Sobre ser medíocre em coisas que amo


Eu não consigo ser boa em nada que de fato me importa.

Nada me dói mais do que saber que eu tenho tanto a oferecer, que eu poderia ser tão mais, mas simplesmente não saber como. É o sentimento de abrir uma página e querer vomitar todos os pensamentos que claramente estão ali, mas que não sabem como sair. Pra ser completamente sincera, minha vida parece uma coletânea de páginas e mais páginas abertas no Word, com o contador do número de palavras marcando zero, formado incontáveis capítulos sem conteúdo nenhum, sem nada a oferecer.

Não sei em que ponto da minha formação eu coloquei na cabeça que não bastava ser uma simples admiradora ou que eu não podia só olhar de longe - eu precisava me incluir. Eu precisava me expressar nas formas que eu gostava de ver as coisas sendo expressadas. Minha maior desilusão foi perceber que eu não era boa fazendo isso, em forma nenhuma.

A arte na minha vida sempre foi um divisor de águas muito grande. Era tudo que eu tinha quando criança, desde pequena sempre a mais sujeita à ficar sozinha. Era minha base de estudo quando adolescente, foi o que moldou todos os meus gostos e desejos e o que sempre aumentava minha vontade de conhecer mais e achar que esse mais ainda não era o suficiente. Até então, já era o suficiente pra mim assistir, acompanhar e explorar de longe. Algo mudou ao decorrer desses anos todos, algo que não deixava mais isso funcionar como sempre veio funcionando. Faltava algo - algo que precisava ser feito, não visto. Eu queria produzir e não mais ser apenas a consumidora do produzido.

Tentei me achar de tantas formas que é até vergonhoso listar.

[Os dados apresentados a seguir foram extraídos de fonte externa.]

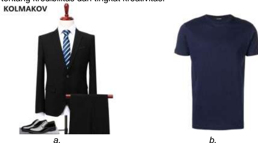
Gambar 1. (a). Setelan busana Jas yang umum digunakan pada saat menjalankan kegiatan bisnis. (b). T-Shirt polos yang umumnya digunakan pada saat melakukan kegiatan non-formal.

Hasil tersebut bertolak belakang dengan hasil penelitian yang dilakukan oleh Bellezza di Massachusetts tentang paduan busana diluar konteks, dimana Bellezza menjelaskan bahwa masyarakat akan mengapresiasi lebih kepada individu yang menampilkan diri mereka secara berbeda dibandingkan kode buda yang telah lazim digunakan oleh masyarakat umum. Namun di Kota Malang, masyarakat masih mengapresiasi individu dengan busana formal sebagai sosok yang memiliki kemampuan, dapat diandalkan dan kreatif. Sebaliknya individu yang mengenakan busana nonformal seperti kaos mendapatkan penilaian yang cukup rendah jika dikaitkan tentang kredibilitas dan tingkat kreativitas.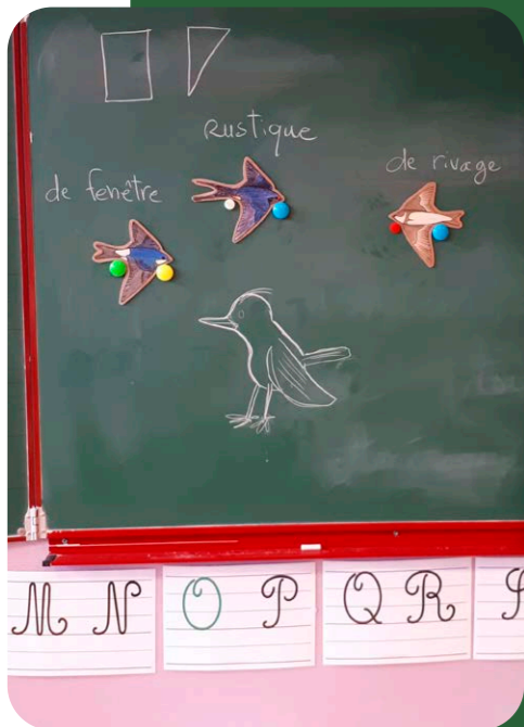
Représentations initiales pour définir l'oiseau et le comparer avec les hirondelles (STÉPHANE TROUBAT)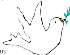
Colombe portant un brin d'olivier, par Jeanne

Agneau de Dieu qui enlèves le péché du monde, prends pitié de nous. Agneau de Dieu qui enlèves le péché du monde, prends pitié de nous. Agneau de Dieu qui enlèves le péché du monde, donne-nous la paix.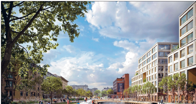
Hietalahdenrannan vanhat talot näyttävät pieniltä toimistokolossin rinnalla.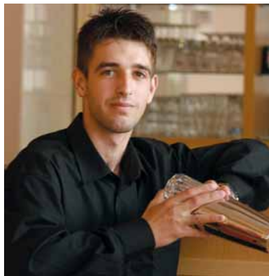
MILÁN MUNKA KÖZBEN

» Mint koktél-szerviz cég, kitelepüléseket is vállaltok. Milyen rendezvényeken lehet megtalálni benneteket?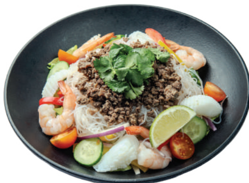
타이 스타일 칠리 글라스 누들 샐러드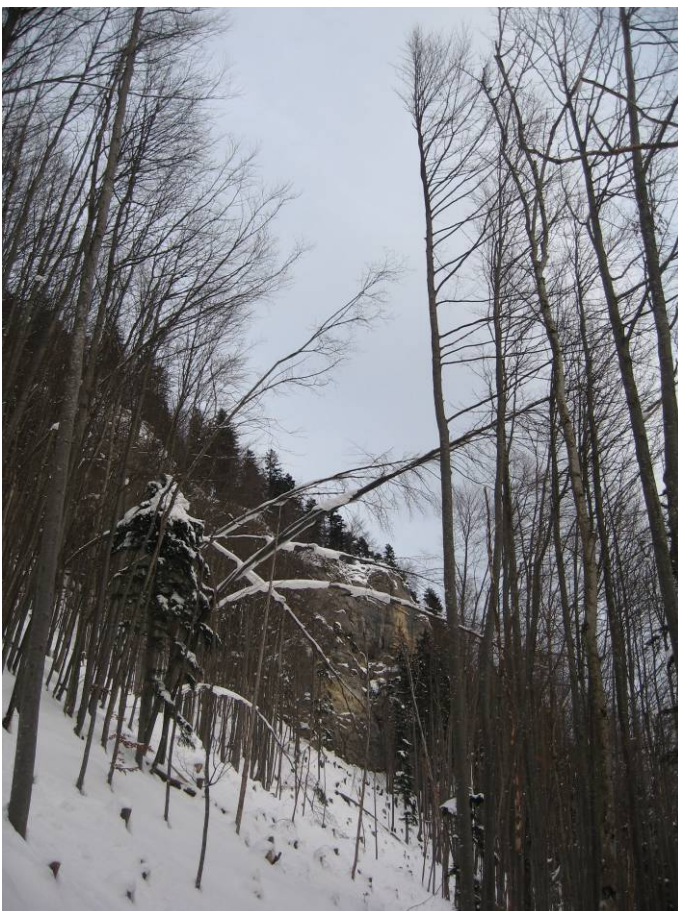
Fotostandort 10 = gleicher Standort wie 6 auf der Grenze der Weiserfläche Blick Richtung N ausserhalb der Weiserfläche.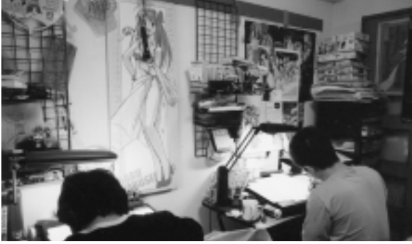
この一室から作品は誕生する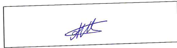
Место для подписи

Примечание: подпись должна иметь четкие, хорошо различимые линии, ставиться черными чернилами, занимать 80% выделенной области и не выходить за пределы рамки.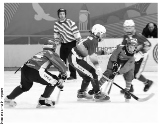
Наша сборная уступила в стартовом матче, но надежды на победу не теряет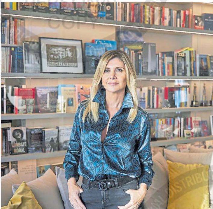
En su casa de Belgrano, donde vive entre libros junto a su familia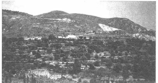
LAM. II. Alquería-despoblado de Turrillas.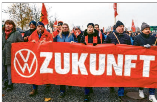
Die Beschäftigten bei VW kämpfen um eine Zukunft für sich und ihre Arbeitsplätze.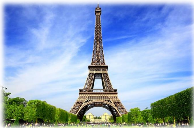
Wież Eiffla - Francja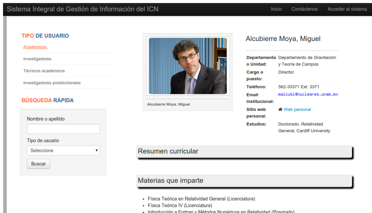
Figura 7. Página personal por académico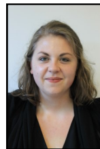
Door Lauwers LAD Nederlands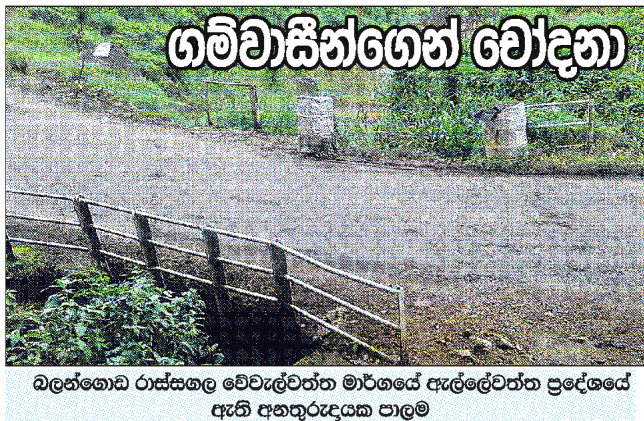
බලංගොඩ රාජසල වෙවැල්වත්ත මාර්ගයේ ඇල්ලවත්ත ප්‍රදේශයේ ඇති අනතුරුදහස පාලම

රාජසල, වෙවැල්වත්ත, රත්නපුර, උඩකන්ද, සීතල, ඉරිබැවිලාගම, උවැල්ල, චින්නන්කුඹුර, වතුකාරකන්ද, කොවුල්කැටිය දක්වා ධාවනය වන මගී ප්‍රවාහන බස් රථ සියයකට වැඩි ගණනක් එම අවදානම් පාලම මගින් ධාවනය කෙරෙන අතර, වෙනත් වාහන දහස් ගණනක් ද දෛනික ධාවනය කෙරෙන බව රියදුරෝ කියති.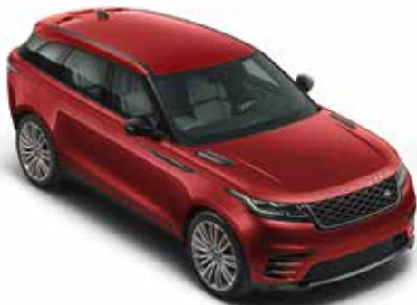
Firenze Red (Metallic)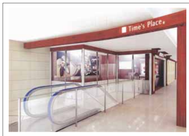
「Time's Place」近鉄難波駅東口付近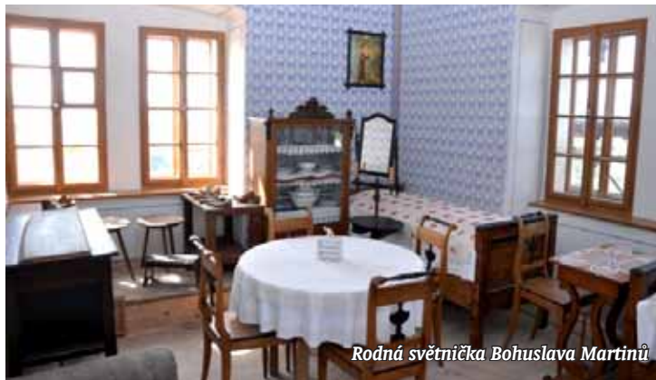
Rodná světnička Bohuslava Martinů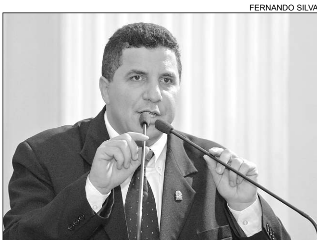
HISTÓRIA - Luta pela família e defesa dos necessitados

O parlamentar destacou que a tribuna é usada para elogiar homens e mulheres cujo alcance de suas obras é, "muitas vezes, limitado", porém "Jesus Cristo mudou o calendário, recriou o conceito de religião, trouxe princípios de ética, caráter, comportamento e, hoje, norteia decisões e hábitos". "É a partir de Cristo que podemos falar em perdoar os que nos ofendem, amar os que nos odeiam e agir em prol dos que precisam. Todos deveriam parar um pouco e lembrar aquele que, ao pensar em nós, pre-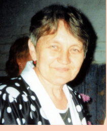
Мама, сестра, дети, внуки, с. Горнозаводское Кировского р-на.

Будь все время красива и душой, и собой! Будь ты всеми любима и весной, и зимой! Не склоняйся рябиной, если грянет беда. Будь ты самой счастливой в этот день и всегда!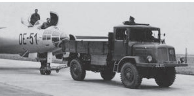
T 128 jako tahač bombardéru Il-28, Přerov (7. listopadu 1955)

použito dvojí oráfování (tovární označení Tatra 131), s cílem ověření možného zlepšení terénních vlastností. VTÚ dostal za úkol vypracovat do července 1951 nové podmínky pro terénní třítunový vůz. Československé závody na výrobu vozidel (ČZVV) měly zabezpečit převedení výroby T 128 na T 111. Ministerstvo zahraničního obchodu (MZO) ve spolupráci s MNO mělo do 20. července 1951 prověřit možnost získání licenční výroby třítunového automobilu nebo možnost výměny T 111 za ZIS 151. Nakonec se ukázala jako nejperspektivnější varianta vývoje a výroby nového tuzemského třítunového terénního vozidla.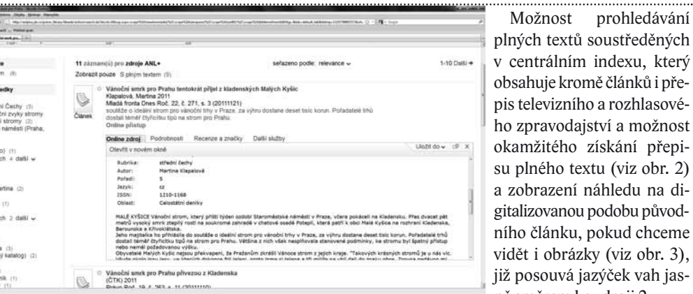
↑ Obr. 1: Zdroje 1 a 2 – porovnání metadat ↓ Obr. 2: Zdroj 2 – plný text

Možnost prohledávání plných textů soustředěných v centrálním indexu, který obsahuje kromě článků i přepis televizního a rozhlasového zpravodajství a možnost okamžitého získání přepisu plného textu (viz obr. 2) a zobrazení náhledu na digitalizovanou podobu původního článku, pokud chceme vidět i obrázky (viz obr. 3), již posouvá zájček vah jasně směrem ke zdroji 2.

A coisa mais dolorosa do mundo, pra mim, é ter consciência de tudo que já tentei começar e concluir que não consegui nada. Esporadicamente algo finaliza ok. Esporadicamente algo que eu fiz, pra minha surpresa, toca alguém. Não é sempre, e eu não me iludo prendendo-me a esses pequenos momentos, porque minha balança sempre vai pesar muito mais pro lado que não deu certo. O que quase deu certo. O que teria dado certo caso eu fosse outra pessoa, ou estivesse em outro momento, ou tivesse outra oportunidade.

Já falei algumas vezes sobre não ser boa nem ruim, só mediana. É algo que eu tomo como verdade, e não seria tão difícil de aceitar de maneira tranquila se eu não fosse eu. No final das contas, tudo se resume nisso: sou eu sendo eu. Ser eu significa sempre querer ser algo a mais, sempre almejar pro mais alto e construir expectativas próprias que jamais seriam alcançadas. Sempre sonhei grande demais pra ações muito pequenas. Foram muitas ideias incríveis mas porcamente realizadas - ou nem isso. Muita vontade de ser algo grandioso mas pouca força de vontade para tal. 

Foram muitos choros desesperados gritando comigo mesma na frustração de não entender porque eu amo tanto e não sou boa em nada daquilo que amo. De sentir demais e não deixar transparecer esse sentir das formas que realmente me importam. Horas e horas seguidas de comparações, me perguntando porque as coisas não eram simples pra mim como era para outros e porque as oportunidades e elogios não caiam no meu prato. E eu nem tenho um prato. O prato que eu tenho é na verdade uma bandeja, servida de textos acadêmicos e doutrinas e legislações que nada tem a ver com o que eu de fato queria estar produzindo. Olhar pra isso e notar que minha realidade é totalmente diferente do que eu passei a vida inteira planejando, mesmo sem rumo, é a pior parte. 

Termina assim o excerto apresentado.